バーゼルの国境ではパスポートも何も見せない。 只、車両にスイス国内の高速使用許可ステッカーを貼っていないと、おまわりさんから、 “スイスの高速を使う?” と質問される。 “使う” と答えると、スイス国内の高速使用許可ステッカーを40スイス・フラン(約2800円)で購入することになる。 私の借りたレンタカーにはステッカーが無かったので、40スイス・フランで高速使用許可ステッカーを買った。 因みにこのステッカーは1年間(1月―12月)高速を利用し放題のステッカーである。 ステッカーを貼った意識を凄くしながら、スイスの高速に入った。 スイスの高速には料金所が無い。 だからステッカー無しでも簡単に高速に入れるのである。 但し、ステッカーを貼らずにポリスに捕まると多額(幾らかは知らないが)の罰金を徴収されるらしい。 もっとも、見つかることは殆ど無いらしいが。 しかしそこは契約社会、どの車もステッカーを貼って居るのである。 
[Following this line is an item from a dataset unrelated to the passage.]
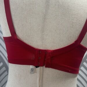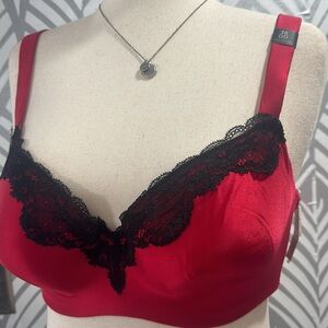 NWT Ambrielle lightly lined balconette red satin bra. Partial black lace. Full figure. Size 38DD. Band measures 29 inches clasp to clasp.
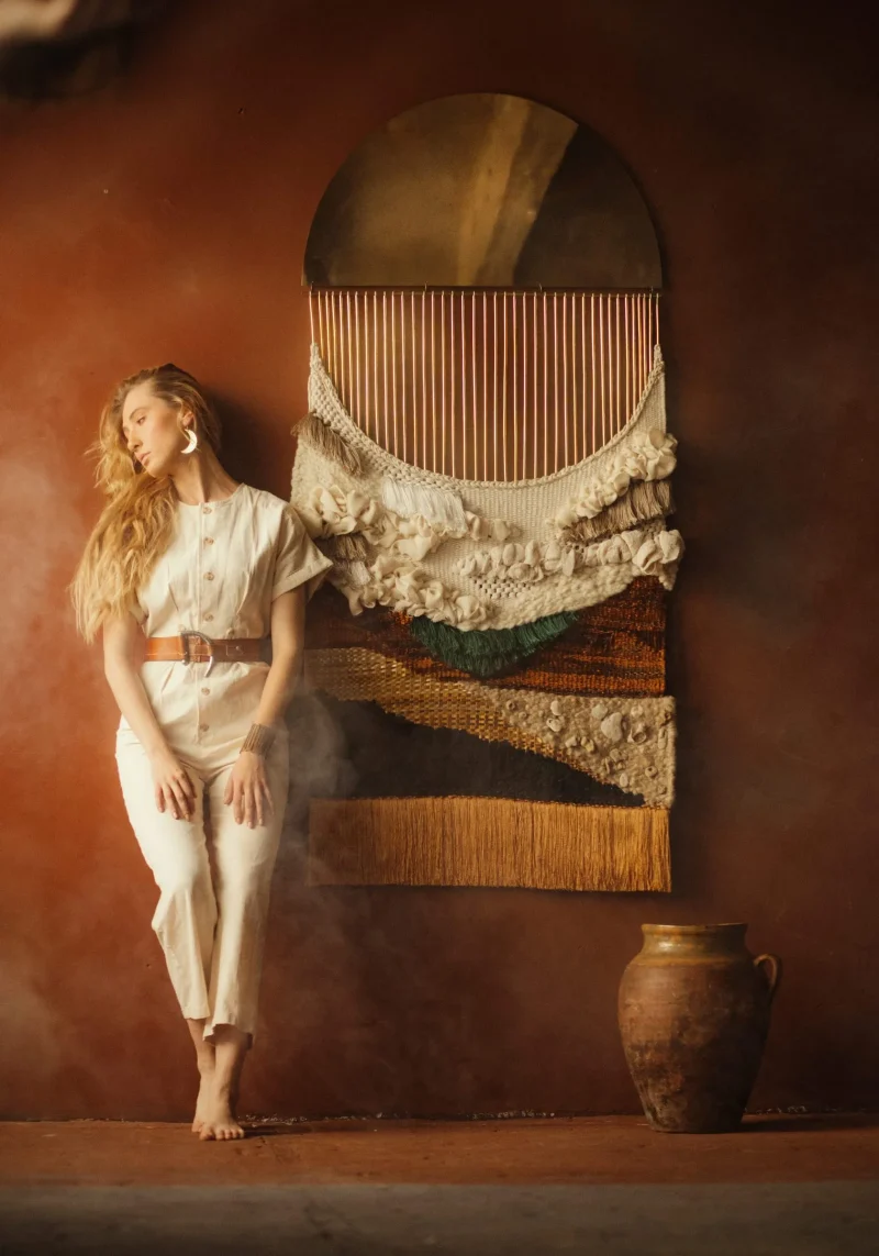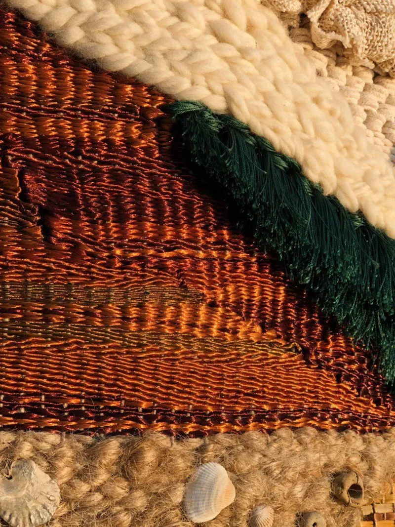 A tapestry that represents the power and glory of Ukrainian earth. We’ve been exploring our past to recover Ukrainian craft techniques and bring back the protection of the environment. First of all, the wall tapestry Nenka (Mamma) is a symbol of fertility, a guardian of a home and an object of power. The tapestry is handmade and illustrates the essential resources of our land. The whole concept of the tapestry is based on the parallels between the natural resources and the materials of our product. Ten different materials are used in the work and nature echoes in each of them. We’ve gathered everything that is inherent in our land and knit them together.

スイスの高速に乗り、バーゼルからベルン、ローザンヌへE25号線を順調に走る。 ローザンヌ迄は、山国スイスらしくない低い山地が近くに見える割と開けた農地を縫って高速は伸びる。 ドイツ、フランスの平坦さに較べると遥かに日本的な地形に見えて日本を出てから6ヶ月目、懐かしささえ覚える。 ローザンヌで高速を降り、レマン湖沿いを東にバレー州へ向かう。 レマン湖沿いは風光明媚で著名な地でもある。 ローザンヌ、ブベー、モントルーと絵に描いたような街が並ぶ。 街も良いが私のお気に入りは、澄んだ湖面とそこから続く長い急斜面一面に這う葡萄畑だ。 急斜面の葡萄畑での手入れや収穫は決して楽なものではない。 そこにつぎ込まれる人々の労力が美しいコントラストを湖面との間に造っているような気がする。 質素で勤勉な人々の姿をみるからだ。



レマン湖畔に浮かぶ Chillon城



モントルーを過ぎ、レマン湖も東の湖端に辿り着こうとする頃、Chillon城が湖岸に浮かんでくる。 その湖面に浮かぶ美しさで、またバイロン卿が投牢されたことで有名なシオン城である。 しかし内部は決して美しいとは言い難い。 展示物は夥しい武器や拷問器である。 城とは言え要塞、牢獄であった時期のほうが長いのではないだろうか。 そんなことはさて置き、視覚的に美しいものは見ておこう。 観光客用にバスと乗用車の広い駐車場が設けられている。 既にオフ・シーズンのこの辺りであるが、やはりここでは幾組かの日本人に会う。 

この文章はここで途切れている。